- [Work required]
With the pictures set aside, return the lines below exactly, beginning at the first and ending at the line containing "LAUFEN’s new Luminex".

Collected data START

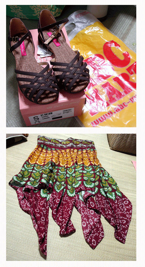 サンダルはABCマートで何故かこの色だけバーゲンでした。
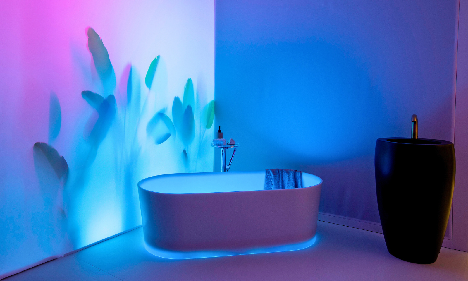 LAUFEN’s new Luminex bathtub is inspired by the energizing power of light and colour which have been used, since ancient times to improve our mental and physical balance. Thanks to LED technology and a high-tech remote control, users can not only modulate the intensity of the light and colours but also choose from a range of settings to intensify the bathing experience and create ambient lighting effects according to the mood of the moment.
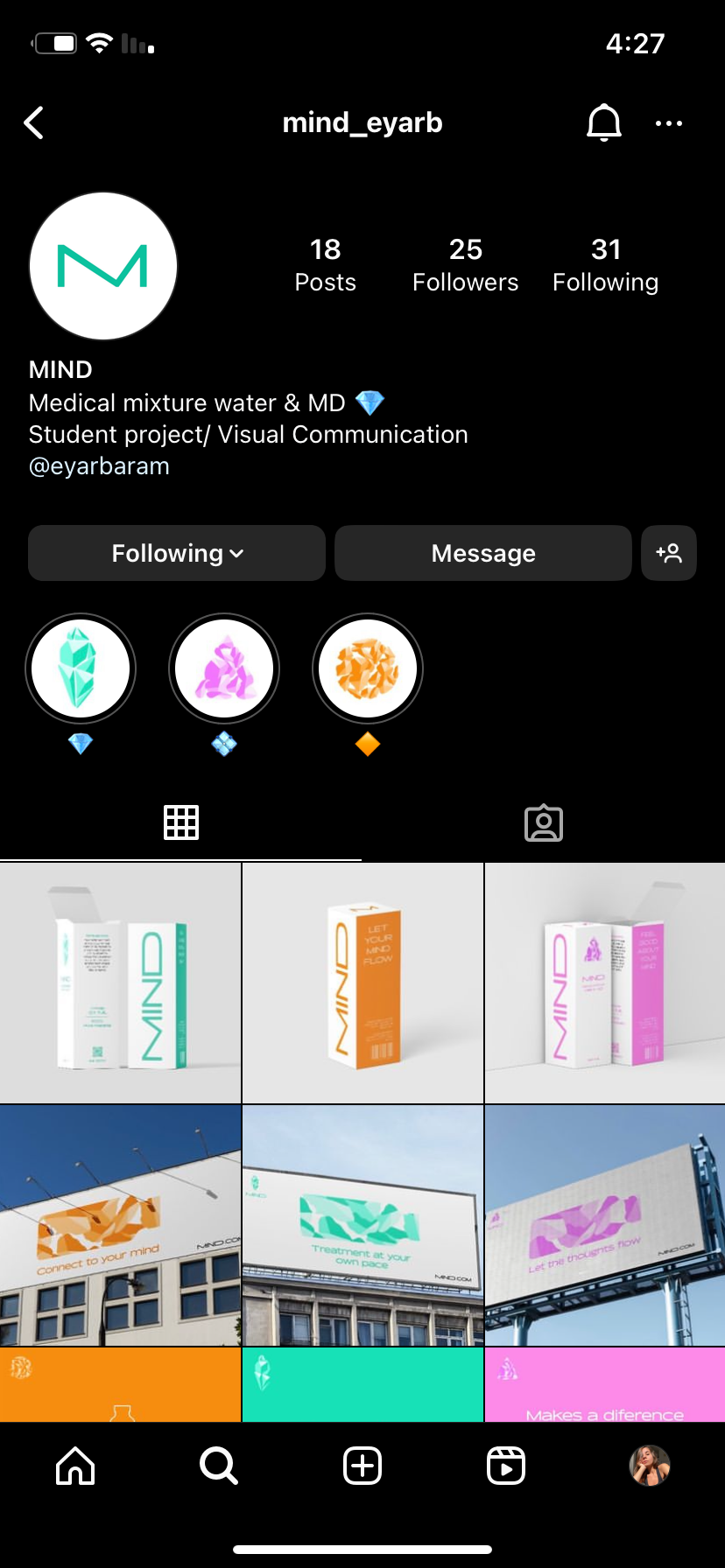 As part of Educational project I was required to brand a water or oil based product. In my project I chose to brand a water-based medical product. The product combines water and MDMA, and is intended for the treatment of people suffering from PTSD syndrome. It was important to me that my brand transmit a positive attitude and optimism for its customers, since this is a sensitive phenomenon in the mental field.

Collected data END

- [Written solution]
 サンダルはABCマートで何故かこの色だけバーゲンでした。
 LAUFEN’s new Luminex bathtub is inspired by the energizing power of light and colour which have been used, since ancient times to improve our mental and physical balance. Thanks to LED technology and a high-tech remote control, users can not only modulate the intensity of the light and colours but also choose from a range of settings to intensify the bathing experience and create ambient lighting effects according to the mood of the moment.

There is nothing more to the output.